## What is needed
Nothing beyond the line containing "An imaginary German" is to be printed; print exactly each line from the start of the records below through that line, leaving out pictures.
Dataset excerpts below:
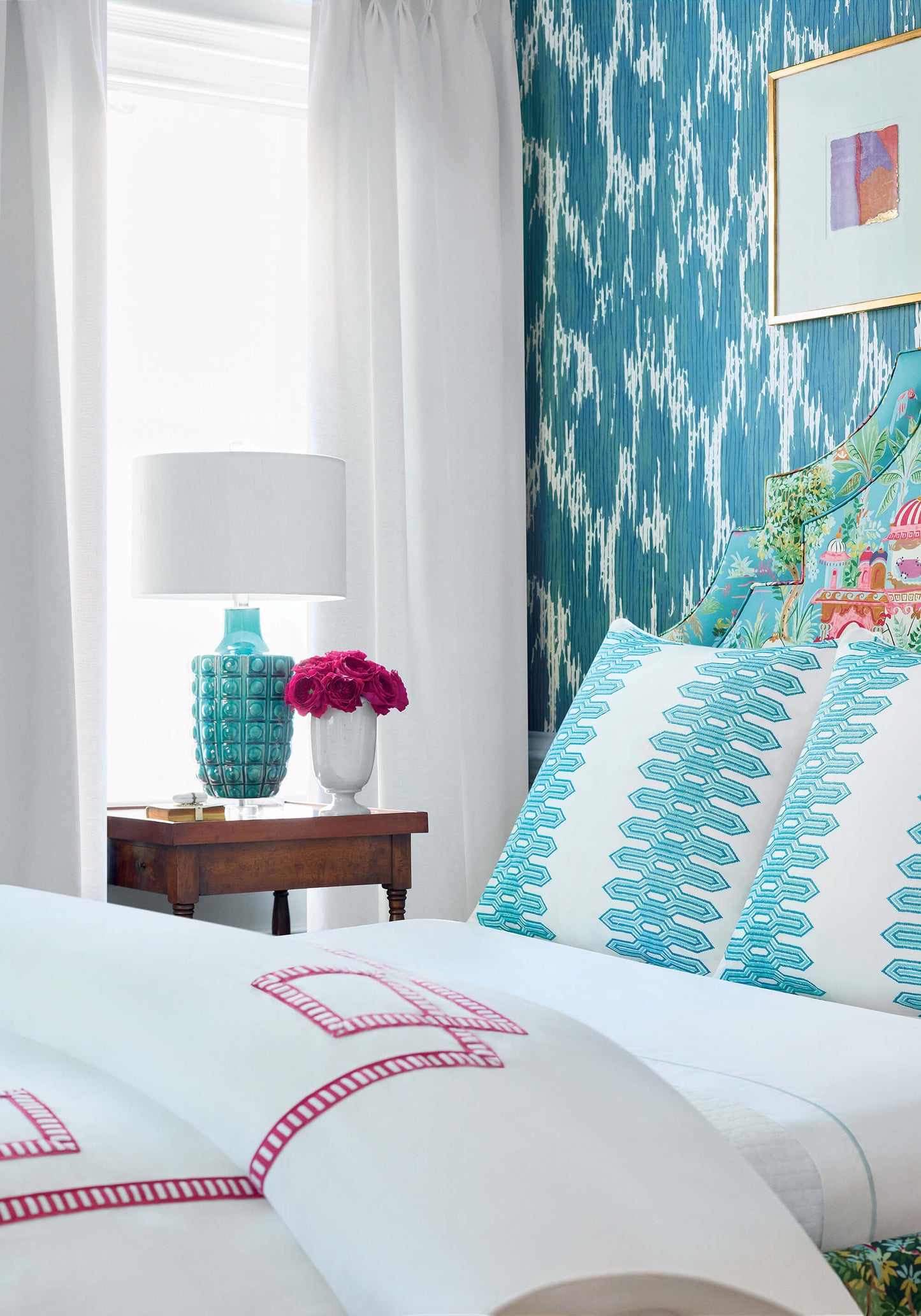 Eden is a whimsical approach to traditional patterns that lead you into paradise. Discover new wallpaper and fabric, bringing vibrant style and optimism to Thibaut fresh, signature color palette. This collection radiates a fashionable fantasy and introduces unique patterns such as a painterly interpretation of an Ikat, scenic compositions of lush gardens, and small-scale geometrics.
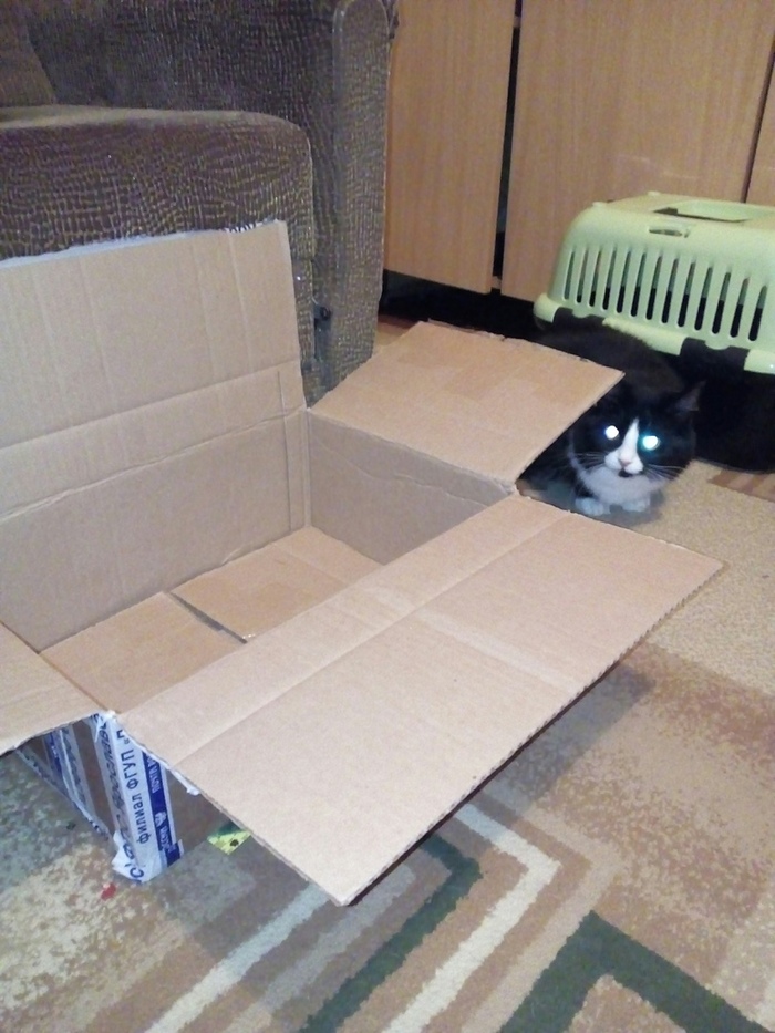 Приехала большая коробка. Кот ей сразу же заинтересовался. Кажется, он уже о чём-то начал догадываться...
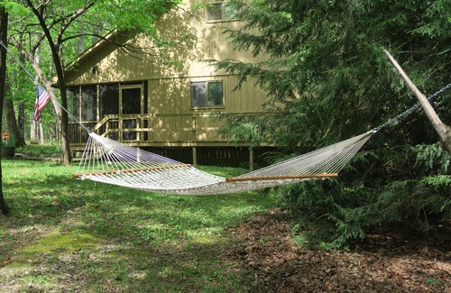 This is a Cozy Cabin in the quiet woods at the end of a cul-de-sac in Clifftops on top of Monteagle Mountain.
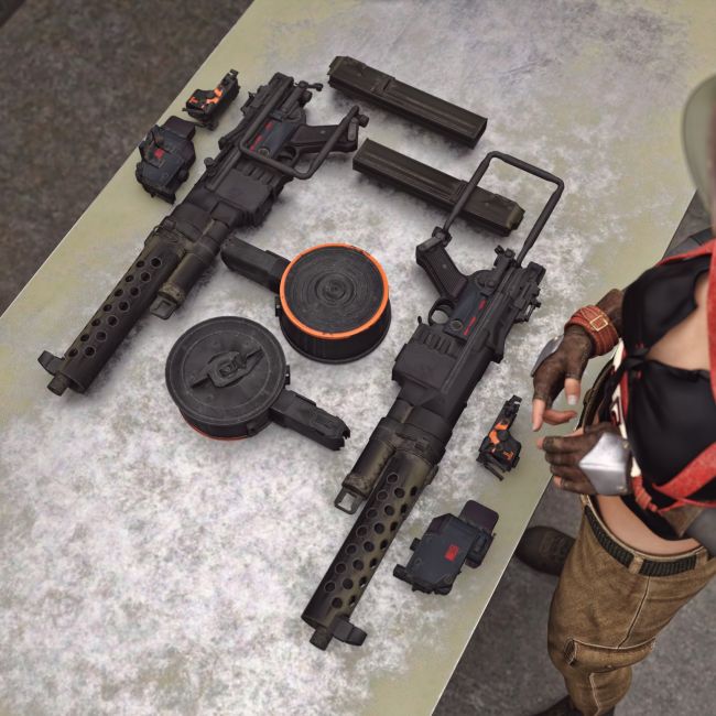 An imaginary German submachine gun from an alternative reality (and a famous game). The look is based on many real guns like MP 40, Schmeiser and others. includes 2 mags- regular straight one and a drum for higher capacity. Rigged and converted for use with DAZ. Trigger, safety, bolt, etc also rigged for more realistic pictures. Also includes a futuristic red dot for funs and various porpoises and pictures (can be hidden and used as a regular rifle). The stock is folding.
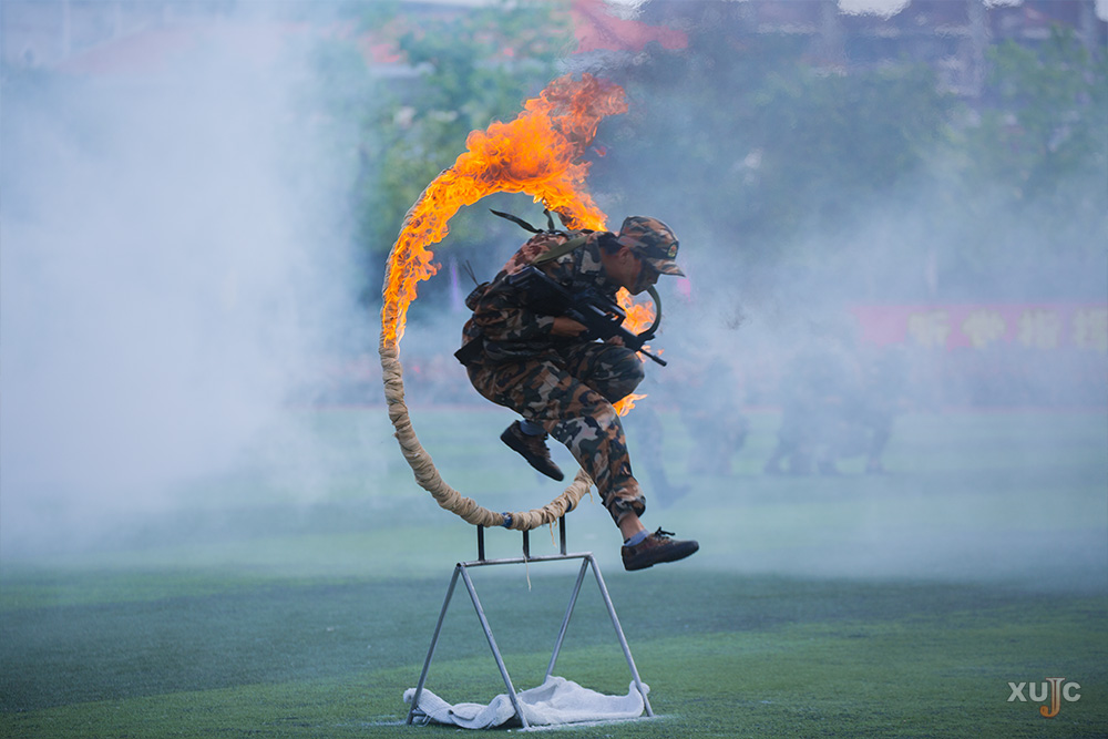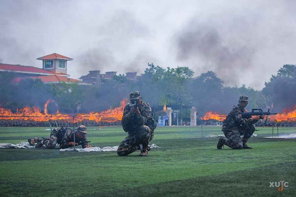 登陆集结、隐藏突进、要点夺控……三营学子带来了侦查步兵登陆作战行动的汇报演示。演示共分为3个战斗行动小组(军训男女学员各一组、教官一组),共设置9项障碍(三角锥、阻绝墙、轮胎、火圈、铁丝网、救治伤员、“染毒地带”、爆破碉堡)模拟登陆作战战场环境,呈现了一场精彩绝伦的视觉盛宴。
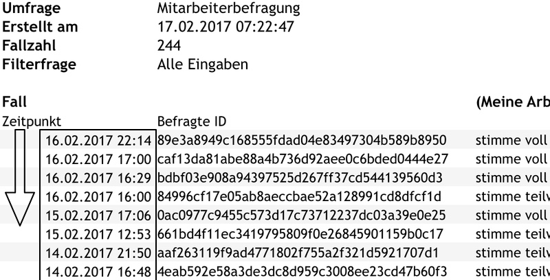 Im (Excel-) Export werden die Befragten nun nach dem Datum ihrer Beantwortung sortiert (Neuste zuerst):
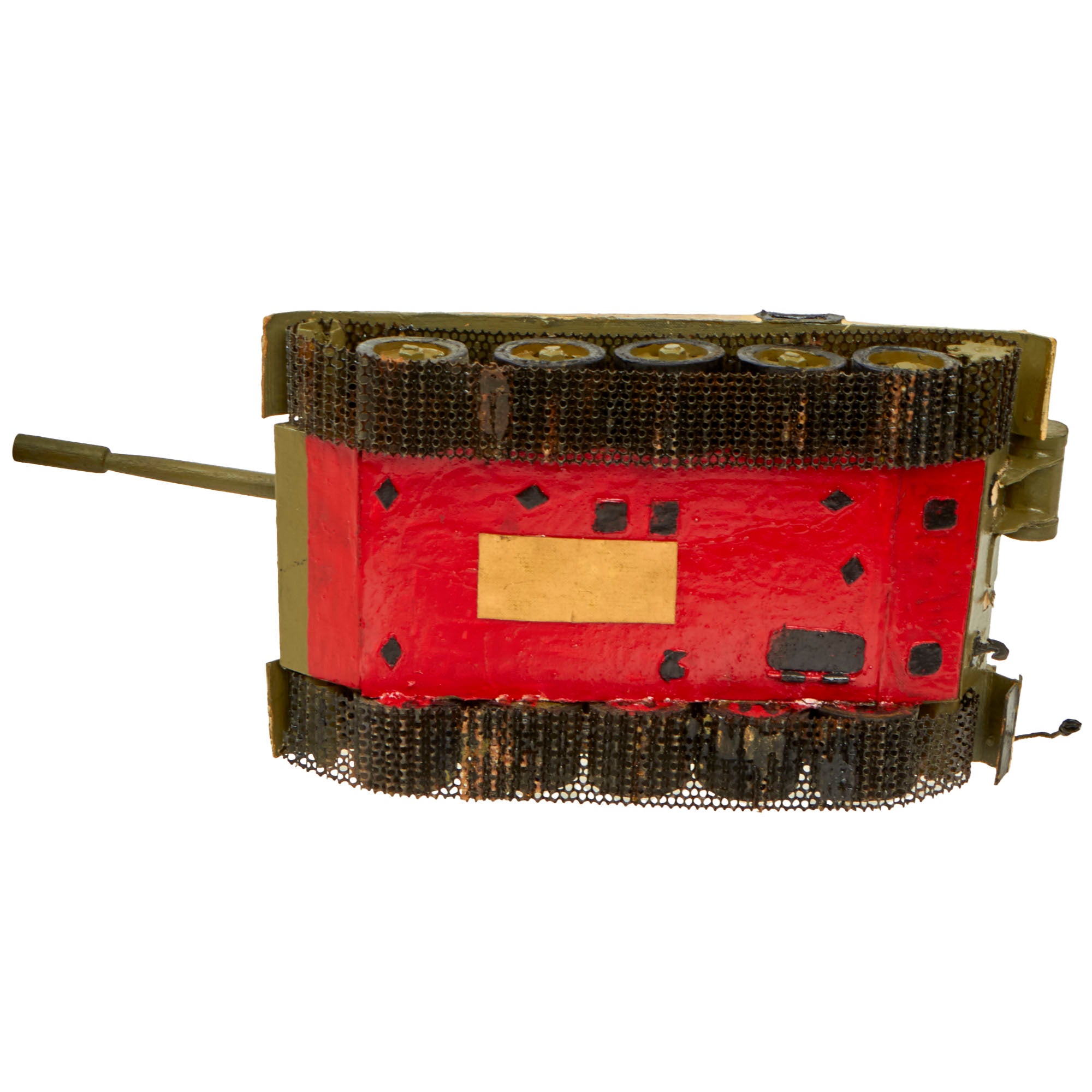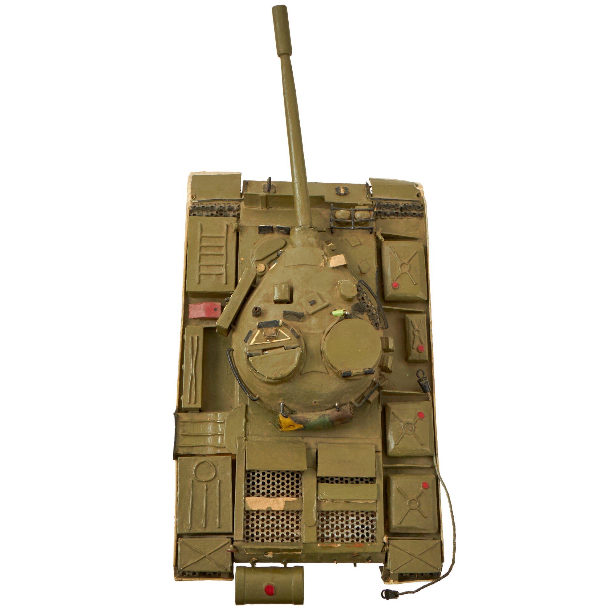 Original Item: Only One Available. This is an exceptional example of a meticulously crafted cardboard and wooden model of the famous Soviet (Czech) T-54/T-55 Main Battle tank. The attention to detail is impressive, as the tank is constructed using a combination of various types of scrap wood with cardboard, which adds a unique touch to the model. The overall design of the tank is mostly accurate and true to the original, with the machine guns still able to traverse and the whole "turret" portion able to rotate as well. The craftsmanship is remarkable, and it is evident that the creator took great care in every detail of the model, making it a true work of art. The body of the tank measures 10 1/2", and it is 14 1/2" in overall length when counting the 6" long barrel.
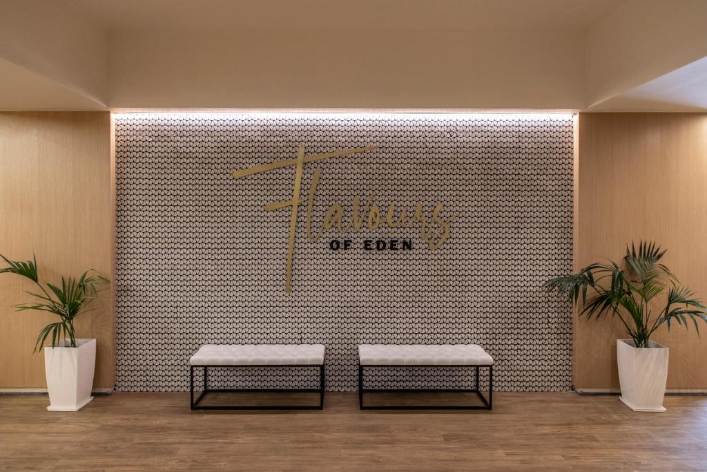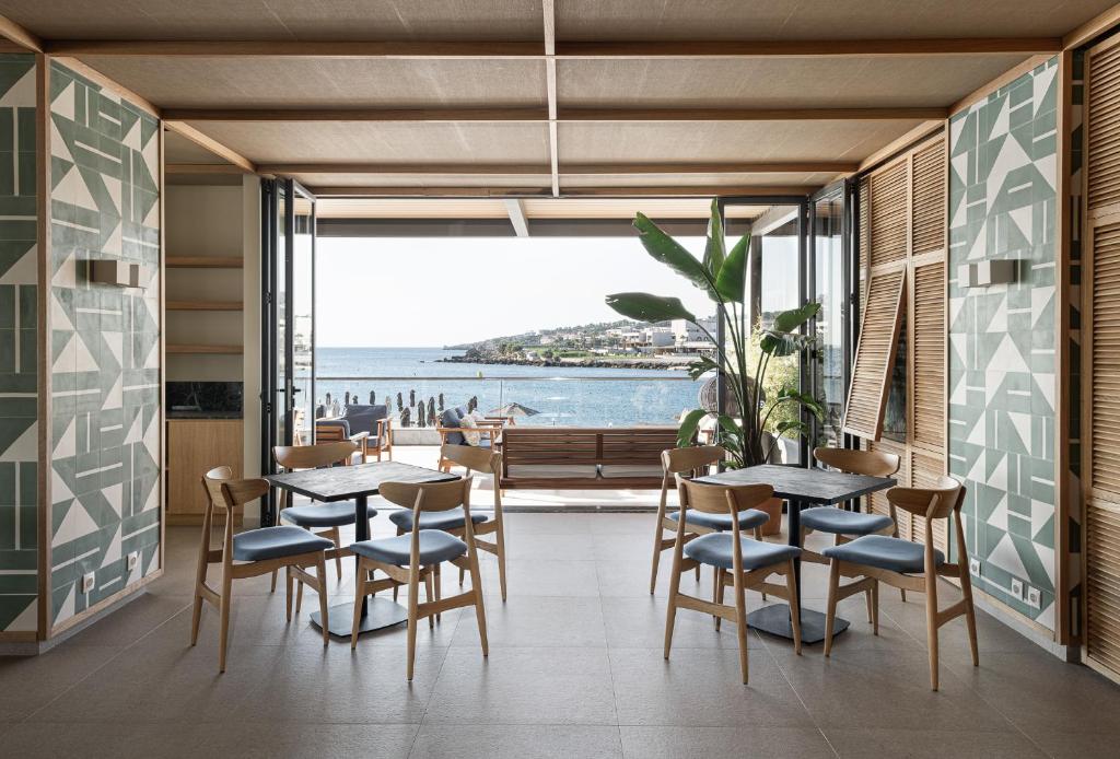 Oaspeții pot savura preparate din bucătăria internațională la restaurantul à la carte cu vedere la mare sau mancăruri grecești la taverna Dikti de pe malul mării. Hotelul pune la dispoziție in total 8 restaurante à la carte, pentru a satisface toate gusturile. Oaspeții trebuie să respecte un cod vestimentar la cină. Băuturile sunt servite la barul elegant cu șampanie și la diversele baruri de la piscină.
End of Dataset excerpts.
## Result of this exercise
 Eden is a whimsical approach to traditional patterns that lead you into paradise. Discover new wallpaper and fabric, bringing vibrant style and optimism to Thibaut fresh, signature color palette. This collection radiates a fashionable fantasy and introduces unique patterns such as a painterly interpretation of an Ikat, scenic compositions of lush gardens, and small-scale geometrics.
 Приехала большая коробка. Кот ей сразу же заинтересовался. Кажется, он уже о чём-то начал догадываться...
 This is a Cozy Cabin in the quiet woods at the end of a cul-de-sac in Clifftops on top of Monteagle Mountain.
 An imaginary German submachine gun from an alternative reality (and a famous game). The look is based on many real guns like MP 40, Schmeiser and others. includes 2 mags- regular straight one and a drum for higher capacity. Rigged and converted for use with DAZ. Trigger, safety, bolt, etc also rigged for more realistic pictures. Also includes a futuristic red dot for funs and various porpoises and pictures (can be hidden and used as a regular rifle). The stock is folding.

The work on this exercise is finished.